Resist the urge to dive right in and start transforming your code to Solaris Motif. Begin the process of porting your application to Motif and CDE by examining your application's architecture.
The more architecture your application has, the more important it is to re-architect the application correctly up front. In these situations the complexity of the porting process increases dramatically if you use the "convert and clean up" strategy.
For programs in which important functions are insulated from the surrounding GUI, the impact of the difference in the OPEN LOOK user interface and Motif can be negligible. However, if the code is tightly linked to the user's actions or relies on a specific OPEN LOOK feature, producing a Solaris Motif equivalent may be difficult.
If you can draw a line through your code modules and completely isolate those that constitute the user interface from those that make up the remainder of your application, then you can focus your migration efforts on the process of replacing the user interface modules with equivalent ones developed for Motif. Many application developers follow software development methods that require this kind of clean separation and, in some cases, even formally specify the program boundaries between user interface and application internals.
Alternatively, if your software is more monolithic and has application-specific abilities embedded within functions that also provide the user interface, then you may have to spend extra time separating the two types of functions, thereby complicating your migration. In an extreme case, you must choose between violating the style guide or redesigning part of the program.
The amount of time involved in taking full advantage of the Solaris CDE software significantly depends on how your application is laid out. Applications that are well designed are easier to port and to properly break down for maintenance and readability.

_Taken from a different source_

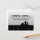 Cartão postal simples e encantador de "Salve a Data" de cinema em cinza, apresentando um casal adorável sentado em uma sala de cinema e o homem apontando de forma divertida para as palavras na tela. Este design exclusivo de salve a data é perfeito para o casal que gosta de assistir filmes juntos e adoraria incorporar esse interesse compartilhado em sua papelaria de salve a data. Fácil de personalizar, basta adicionar os detalhes do seu casamento nos espaços fornecidos. Clique no botão "Personalizar" para encontrar opções adicionais de personalização.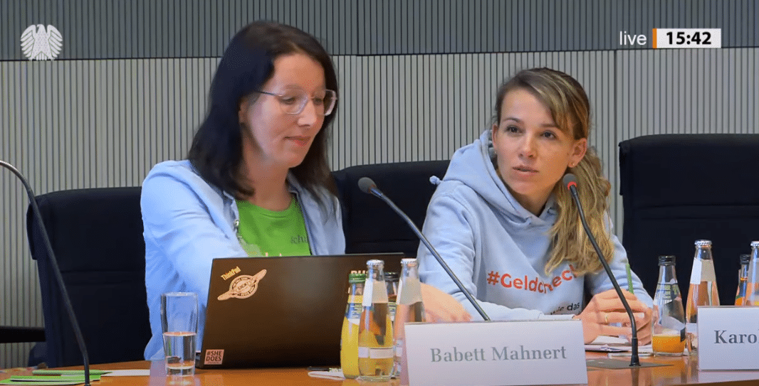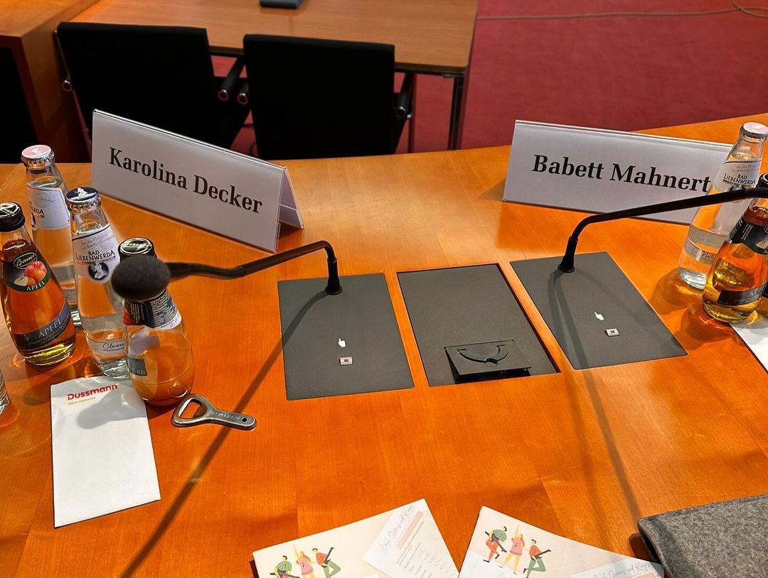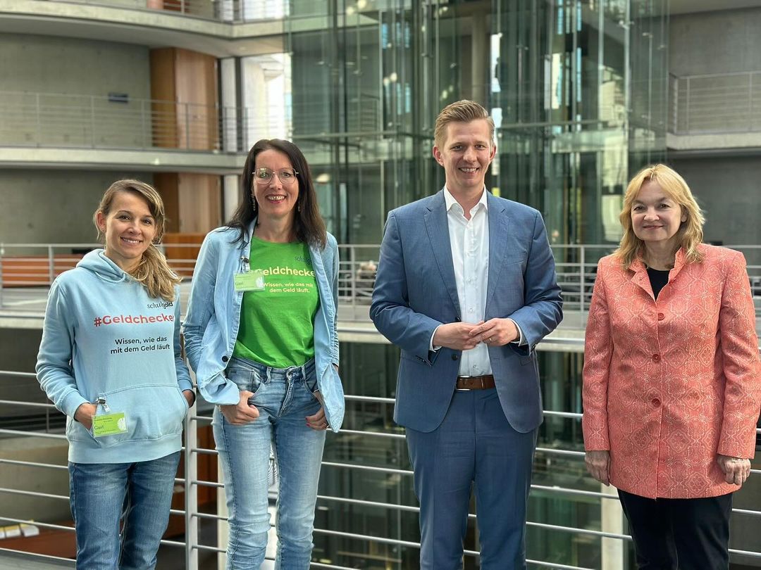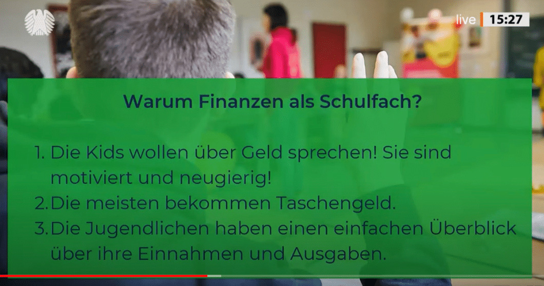 Es handelte sich um ein öffentliches Fachgespräch mit drei Expertinnen: Dr. Donate Kluxen-Pyta von der Bundesvereinigung der Deutschen Arbeitgeberverbände (BDA) und Babett Mahnert und Karolina Decker, die Gründerinnen von Schulgold, einer Organisation, die interaktive Finanzworkshops für Kinder, Jugendliche und Eltern anbietet.

As mentioned previously, porting your application to Motif is not an object-for-object swap. Such swapping concentrates on the static aspects of your application user interface. Complex applications in particular contain many objects that manage the application infrastructure and make it work in dynamic situations. (Dynamic aspects of your application include, but are not limited to, resizing windows, localization, and font changes.) These manager widgets that handle the dynamic geometry in your application are different in the OPEN LOOK and Motif toolkits. Your application will not display the dynamism you want if you try an object-for-object swap of manager widgets. Introducing an appropriate design to handle the dynamic aspects of your application typically increases the complexity of its architecture.
XView does not provide much variety for dynamic layout. It primarily fixes objects at (x, y) positions, which can cause difficulties if an application font is changed or the application is localized. Motif and OLIT provide a variety of geometry manager widgets; however, they have significant differences.
Table 6-1 OLIT and Motif Geometry Manager Widgets
The CDE desktop is quite different from the OpenWindows desktop, although it contains many of the same types of tools. The most obvious difference is that it is a Motif desktop. Read the "Architectural Overview" chapter of Common Desktop Environment: Programmer's Overview for a discussion of the end user and development environment architectural structure. Also read about:
Motif: See "Motif 2.1 Documentation" and "Motif Programming" for a listing of Motif documentation.
CDE Look and Feel: Refer to Common Desktop Environment: Style Guide and Certification Checklist for details. To be style-guide compliant, your application must pass the checklist at the end of the book.
CDE runtime and Development Environments: See "CDE Documentation" for a listing of all CDE documentation that Sun provides. In addition, the desktop applications each have online help volumes.
If you used a Motif GUI builder to create the GUI for your application, your migration to the Solaris CDE desktop will probably be easier. In most cases, the use of a builder implies that you have some degree of separation between user interface functions and application internals, the advantages of which were previously discussed.
Also, builders typically use generalized internal storage formats or are capable of generating interchange files, each of which may be post-processed to automate some of the conversion process. Contact your builder vendor to see what migration tools they are currently offering.
Other less tangible tools that you might have used and that could ease your transition include development approaches that produced functional requirements documents or high-level designs. These representations may describe your application in terms less specific to the OPEN LOOK user interface that are more amenable to being mapped to CDE and Solaris Motif than your source code.